Maj. Nidal Hasan and many of his victims in the Fort Hood shooting seem to want the same thing — his death. But while survivors and relatives of the dead view lethal injection as justice, the Army psychiatrist appears to see it as something else — martyrdom.

As the sentencing phase begins Monday following Hasan’s conviction for killing 13 people in the 2009 attack, the conflict has not gone unnoticed.

Autumn Manning, whose husband, Shawn Manning, survived being shot six times, views the death penalty as a double-edged sword. On the one hand, Hasan would get what he deserves. On the other, it also gives him exactly what he wants.

In the end, she said, it makes little difference because the military has not executed anyone since the 1960s.

The attorneys protested, telling the judge he had a death wish and was paving the way for his own execution.

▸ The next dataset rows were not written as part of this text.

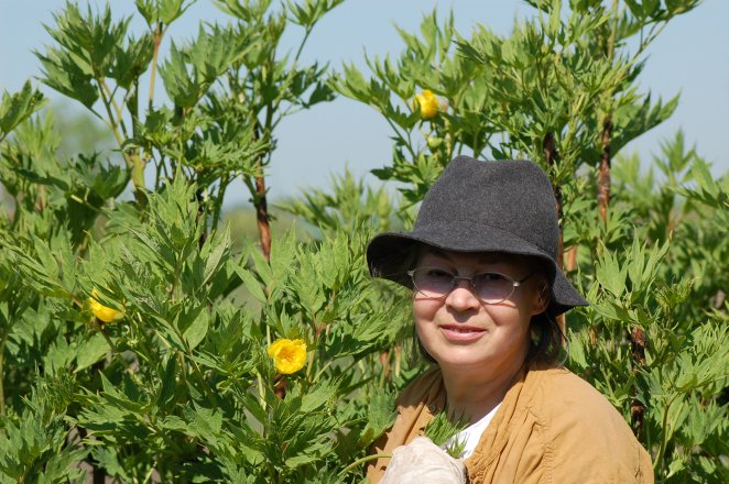 Ja, es gibt sie, aber die vorhandenen gelben Kulturformen sind noch lange nicht perfekt. Auch die neuesten "gelben" Staudenpfingstrosen zeigen nur blassgelbe Tönungen. Gelbe Strauchpäonien-Züchtungen bringen z.T. prächtige, kräftig gefärbte Blüten hervor, aber sie haben die kurzen, krummen Blütenstiele der Wildart Paeonia lutea geerbt. Ein echter Lichtblick sind einige der neuen intersektionellen Hybriden, wie z.B. die berühmte "Bartzella". Insgesamt aber werden die Züchter hier noch eine Weile zu tun haben. Von Natur aus vollkommen sind die wenigen gelben Wildpäonien, die wir kennen, denn bei ihnen gibt es keine Entwicklung. Sie sind und bleiben, wie sie immer waren, mit größerem oder kleinerem dekorativen Wert. Eine Wildart kann prächtig, bescheiden oder auch unscheinbar, doch niemals hässlich sein, und es ist uns überlassen, ob wir sie im Garten haben wollen oder nicht. Typisch für Wildpflanzen ist allerdings, dass sie manchmal etwas empfindlich sind und in der Gartenkultur nicht so recht wachsen wollen. Auf Paeonia ludlowii trifft das in keiner Weise zu. Sie ist sicherlich die prächtigste aller gelben Wildpäonien. Zur Entwicklung der Gartenformen hat sie bisher kaum beigetragen, denn sie wurde erst 1936 in Südost-Tibet entdeckt, und die Züchter haben bei ihrer Arbeit vor allem auf die bereits bestehenden Sorten zurückgegriffen. Während Paeonia lutea relativ unscheinbar und auch empfindlich ist, ist P. ludlowii kaum totzukriegen. Unter guten Bedingungen bildet eine Pflanze schließlich einen Busch von 2,5m Höhe und 4m Breite. Und was für einen! Aus einem "Wald" von Zweigen entspringen im Mai fast gleichzeitig die eleganten lindgrünen Blätter und leuchtend gelbe ("butterblumengelbe") Blüten. Obwohl die Blüten bei dieser Päonie vielleicht nicht das wichtigste sind ( sie ist - mit den Worten der "Gartenphilosophen" - eine "Gestaltpflanze") haben sie die respektable Größe von etwa 8cm und das intensivste, reinste Gelb, das sich denken lässt. Die Blätter wachsen auch nach der Blüte weiter, bis der Strauch einen wahrhaft tropischen Eindruck macht. Die Pflanzen haben wahrscheinlich anderes verdient, aber wir verwenden sie vor allem zum Verdecken einiger hässlicher Plätze in unserem Garten, wie z.B. der Wasserstelle (siehe das letzte Bild unter Nr. 4750). Leider haben wir kein Schloss mit zugehörigem Park, wo diese prächtige Päonie am besten zur Wirkung käme und auch ihrem eigenen Adel entsprechend würdig untergebracht wäre. Wir denken aber, sie wird sich bei jedem wohl fühlen, der ihre Schönheit zu schätzen weiß und ihre geringen Ansprüche erfüllt. Paeonia ludlowii entwickelt sich prächtig bei freiem, sonnigem Stand in nahrhafter Erde. In ihrer Heimat wächst sie zumeist in lichten Wäldern auf ziemlich trockenem, steinigem Boden. Deshalb nimmt sie auch bei uns gern mit solchen Verhältnissen vorlieb. Wichtig ist vor allem, dass die Wurzeln genügend Raum haben. Wer eine große Rasenfläche besitzt, kann die Pflanze als prächtigen Solitär verwenden. Ein schattiger Platz z.B. in Hausnähe führt zu schlankerem, eleganterem Wuchs und bietet auch einen gewissen Frostschutz. Die Winterhärte kann in unseren Breiten ein Problem sein, denn bei strengem Frost erfrieren die Triebspitzen mit den bereits angelegten Blütenknospen. Wenn das passiert, muss man sich im nächsten Frühjahr mit dem Blattschmuck zufrieden geben. Man sollte das erfrorene Holz wegschneiden und wird mit Staunen erleben, wie schnell sich die Pflanze aus ihrem enorm großen Wurzelstock wieder aufbaut. Es gibt Gartenliebhaber in winterkalten Gegenden, die P. ludlowii allein wegen der dekorativen Blätter kultivieren. Paeonia ludlowii lässt sich ausgesprochen einfach und zuverlässig aus Samen heranziehen. Es dauert ein paar Jahre bis zur ersten Blüte, aber die Pflanzen erfreuen uns schon bald mit ihrem hübschen Laub. Die großen Samen sollten im Frühjahr mit etwa 20 cm Abstand 3 cm tief auf ein Freilandbeet ausgelegt werden. Ein Jahr später erfolgt dann die Keimung. Die Sämlinge wachsen zügig heran und sind nach 2 Jahren Wachstum so groß und kräftig, dass sie im Herbst an ihren Bestimmungsort gesetzt werden können.
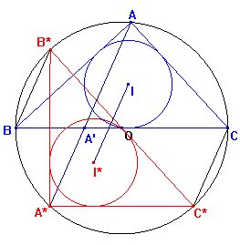 En el caso del triángulo rectángulo, tendremos además que OA y OA* son medianas y que OG:OA = OG*:OA* = 1/3. Por tanto GG*:AA* = 1:3. Teniendo en cuenta que el triángulo A*B*C* es el simétrico de ABC respecto de la mediatriz de AA*, el incentro I* de A*B*C* es el simétrico del incentro I de ABC y así la recta II* es paralela a AA* y AA', y esto es cierto para cualquier triángulo ABC, sin necesidad de que ABC sea rectángulo. |
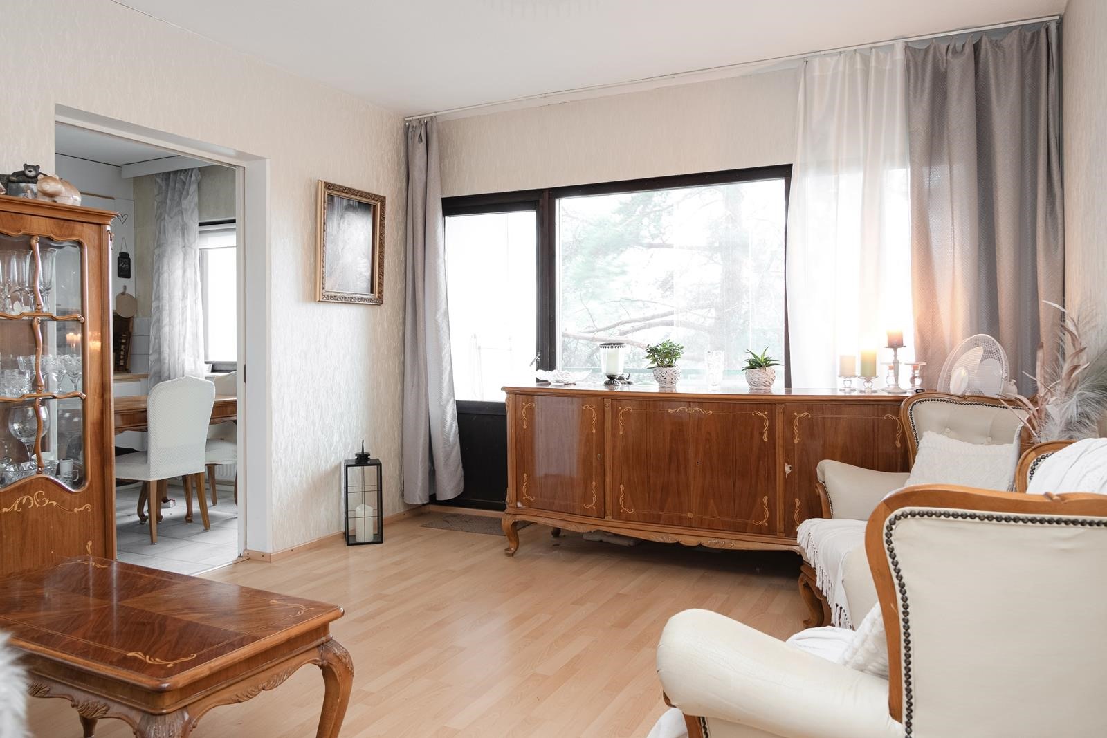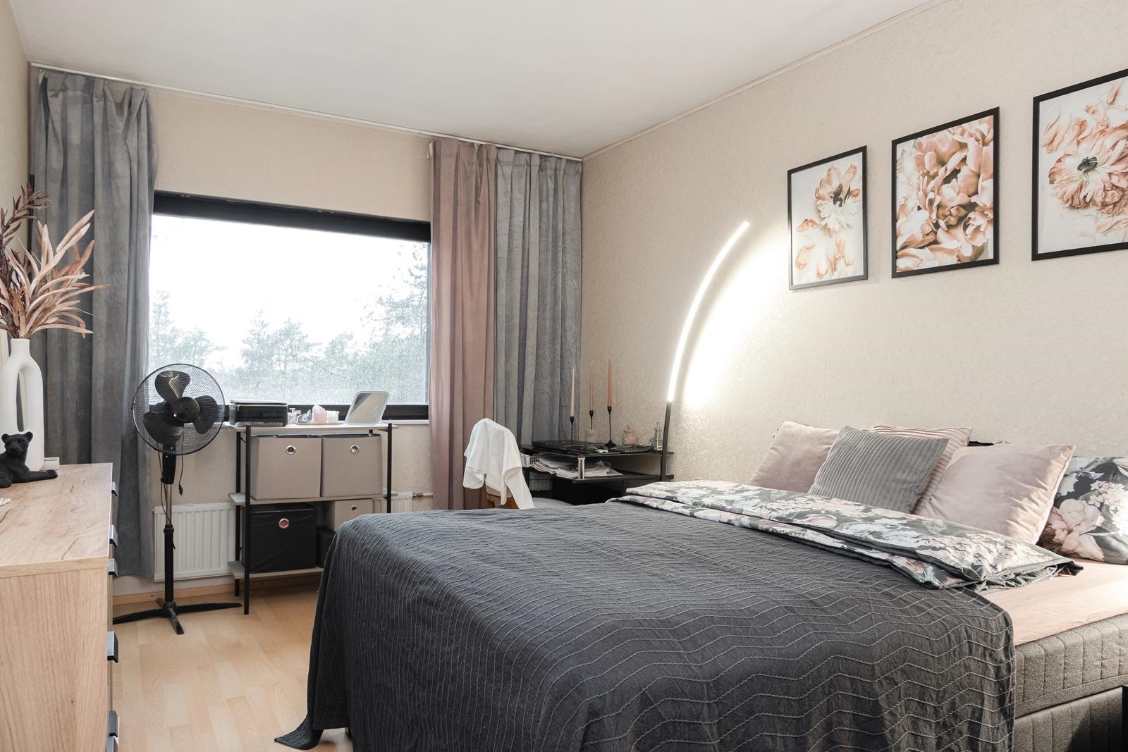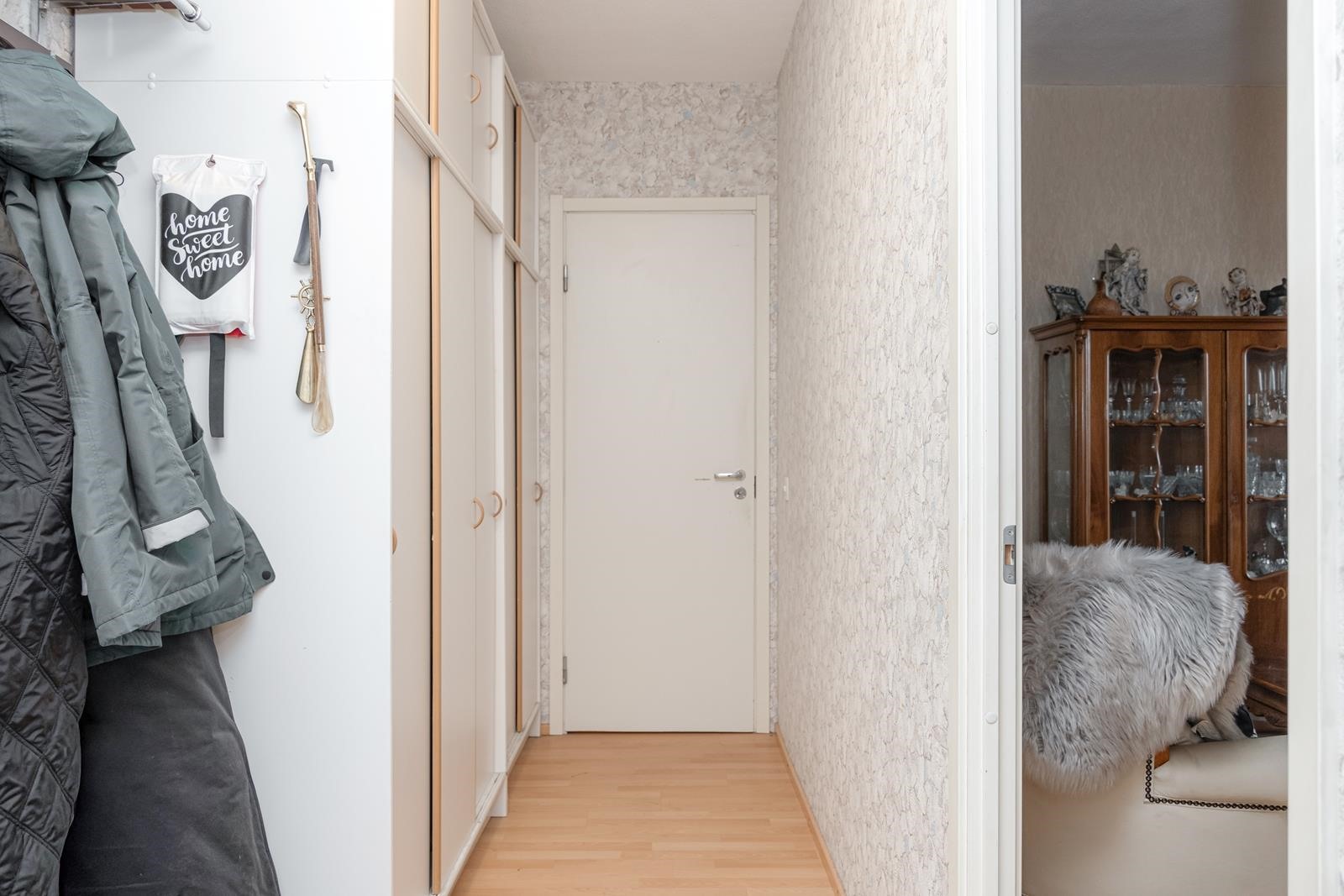 Asunnon 59,5 m2 on jaettu niin, että arki sujuu vaivattomasti. Olohuone on avara ja jatkuu lasitetulle parvekkeelle, joka tuo lisää tilaa ja mahdollisuuden nauttia ulkoilmasta ympäri vuoden. Keittiö on erillinen, mikä tekee arjesta käytännöllistä, ja vaatehuone tuo kaivattua säilytystilaa.

The judge rejected their request to take over the case or to leave Hasan on his own.

Hasan, a U.S.-born Muslim of Palestinian descent, has indicated that martyrdom is a goal.

Martyrdom manifests itself in the Islamic holy book, the Quran, in two ways, said Emran El-Badawi, director of the Arab studies program at the University of Houston.

The shahid — or martyr — is adopted in one sense from Christianity and other early religions as someone who dies for the faith and goes to paradise alongside prophets and saints. Martyrs also appear in the Quran as fallen soldiers or those who died in battle, he said.

This modern concept of a martyr “is incoherent. It is unstandardized, and it is messy,” El-Badawi said, but it has been exploited by extremist groups like al-Qaida to encourage suicide attacks, even though some of Islam’s most prominent religious leaders have condemned this type of warfare.

Hasan apparently communicated with some al-Qaida leaders prior to the attack on the Army post and has repeatedly stated that the rampage was designed to prevent U.S. soldiers from going to fight in unjust wars in Iraq and Afghanistan. Hasan was to be deployed with some of the troops he killed.